As an example, consider an array of floating point values representing, e.g., a temperature or pressure anomaly field measured or modeled on a regular grid, 240 columns by 180 rows. The first and last grid points on the horizontal axis are located at 4.0 degrees west and 4.0 degrees east longitude, the first and last grid points on the vertical axis are located at 3 degrees south and 3 degrees north latitude.

>>> import numpy as np
>>> x = np.linspace(-4.0, 4.0, 240)
>>> y = np.linspace(-3.0, 3.0, 180)
>>> X, Y = np.meshgrid(x, y)
>>> Z1 = np.exp(-2 * np.log(2) * ((X - 0.5) ** 2 + (Y - 0.5) ** 2) / 1 ** 2)
>>> Z2 = np.exp(-3 * np.log(2) * ((X + 0.5) ** 2 + (Y + 0.5) ** 2) / 2.5 ** 2)
>>> Z = 10.0 * (Z2 - Z1)

The fictional field for this example consists of the difference of two Gaussian distributions and is represented by the array Z. Its contours are shown below.

_images/field.png

Opening a dataset in writing mode

To save this array along with georeferencing information to a new raster data file, call rasterio.open() with a path to the new file to be created, 'w' to specify writing mode, and several keyword arguments.

  • driver: the name of the desired format driver
  • width: the number of columns of the dataset
  • height: the number of rows of the dataset
  • count: a count of the dataset bands
  • dtype: the data type of the dataset
  • crs: a coordinate reference system identifier or description
  • transform: an affine transformation matrix, and
  • nodata: a “nodata” value

The first 5 of these keyword arguments parametrize fixed, format-specific properties of the data file and are required when opening a file to write. The last 3 are optional.

In this example the coordinate reference system will be “+proj=latlong”, which describes an equirectangular coordinate reference system with units of decimal degrees.
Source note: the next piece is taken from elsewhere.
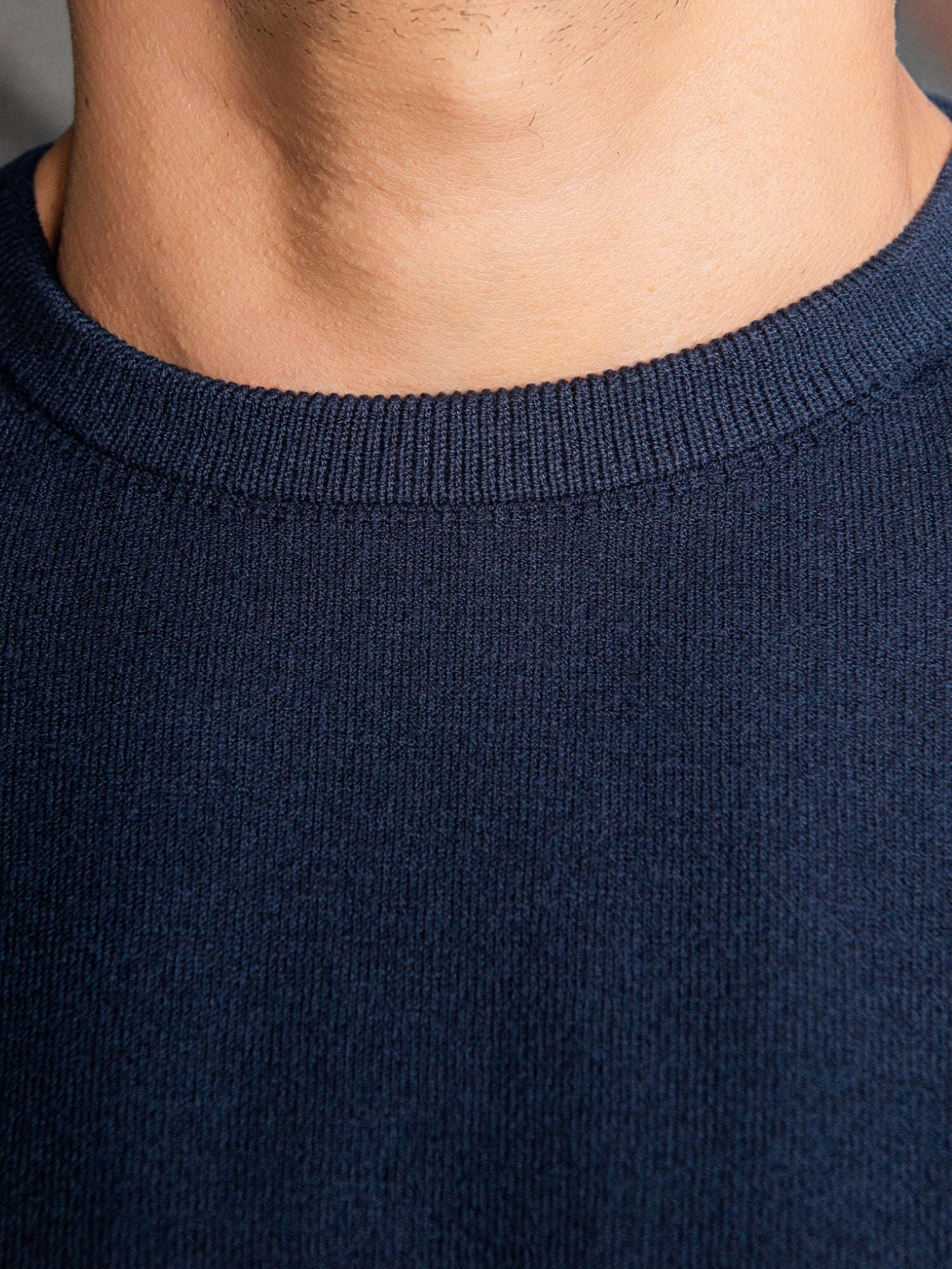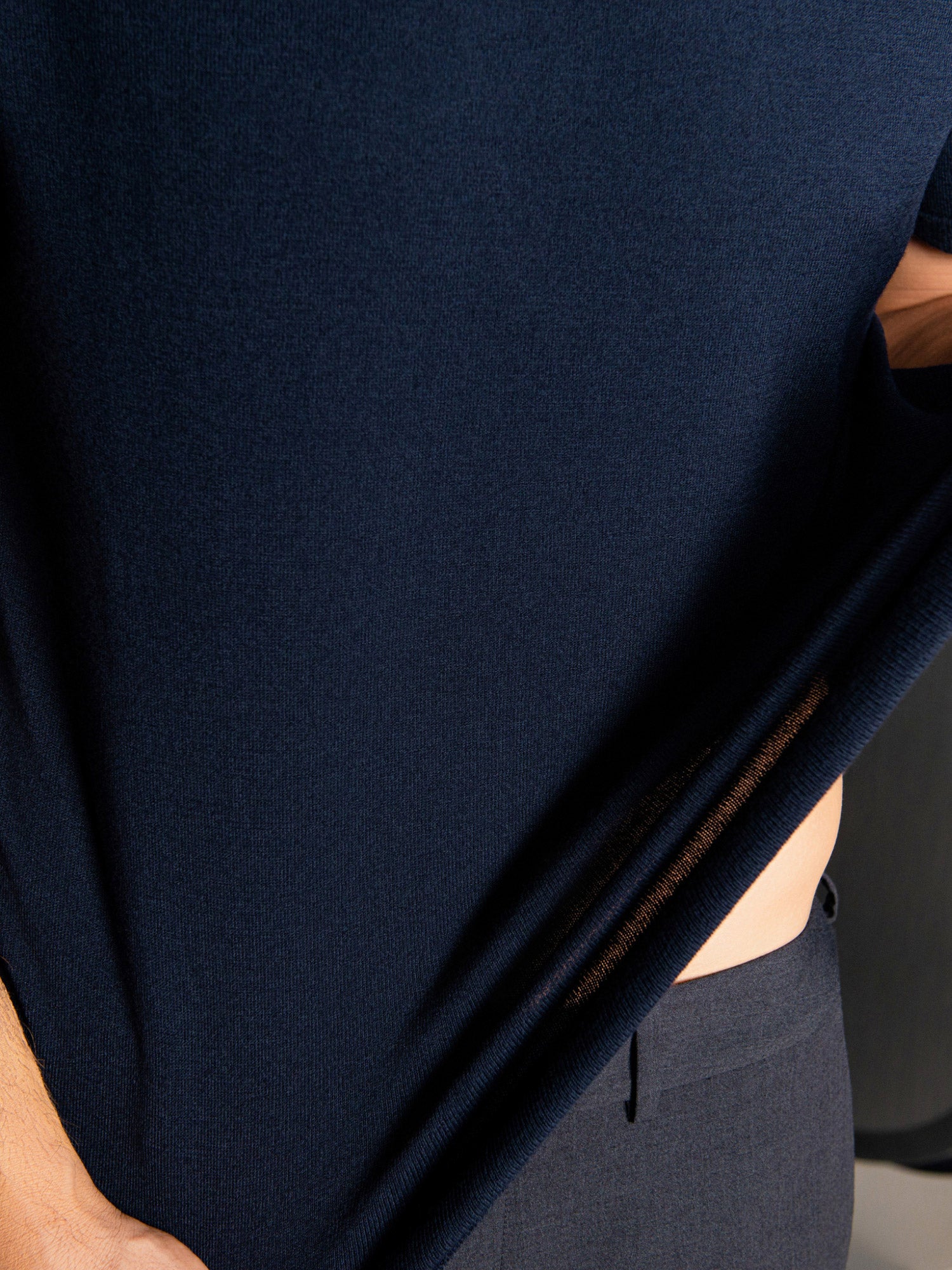 Our Solution: A sophisticated, sweater-knit “dress tee” built for cross-season comfort and unparalleled durability.

The right affine transformation matrix can be computed using a function in the rasterio.transform module.

>>> from rasterio.transform import from_origin
>>> res = (x[-1] - x[0]) / 240.0
>>> transform = from_origin(x[0] - res / 2, y[-1] + res / 2, res, res)
>>> transform
Affine(0.033333333333333333, 0.0, -4.0166666666666666,
       0.0, -0.033333333333333333, 3.0166666666666666)

The upper left point in the example grid is at 3 degrees west and 2 degrees north. The raster pixel centered on this grid point extends res / 2, or 1/60 degrees, in each direction, hence the shift in the expression above.

A dataset for storing the example grid is opened like so

>>> new_dataset = rasterio.open('/tmp/new.tif', 'w', driver='GTiff',
...                             height=Z.shape[0], width=Z.shape[1],
...                             count=1, dtype=Z.dtype,
...                             crs='+proj=latlong', transform=transform)

Values for the height, width, and dtype keyword arguments are taken directly from attributes of the 2-D array, Z. Not all raster formats can support the 64-bit float values in Z, but the GeoTIFF format can.

Saving raster data

To save the grid, call the new dataset’s write() method with the grid and target band number as arguments.

>>> new_dataset.write(Z, 1)

and then call the close() method to sync data to disk and finish.

>>> new_dataset.close()

Because Rasterio’s dataset objects mimic Python’s file objects and implement Python’s context manager protocol, it is possible to do the following instead.

with rasterio.open('/tmp/new.tif', 'w', driver='GTiff', height=Z.shape[0],
                   width=Z.shape[1], count=1, dtype=Z.dtype,
                   crs='+proj=latlong', transform=transform) as dst:
    dst.write(Z, 1)

These are the basics of reading and writing raster data files. More features and examples are contained in the advanced topics section.

[1]“example.tif” is an alias for band 4 of Landsat scene LC80370342016194LGN00.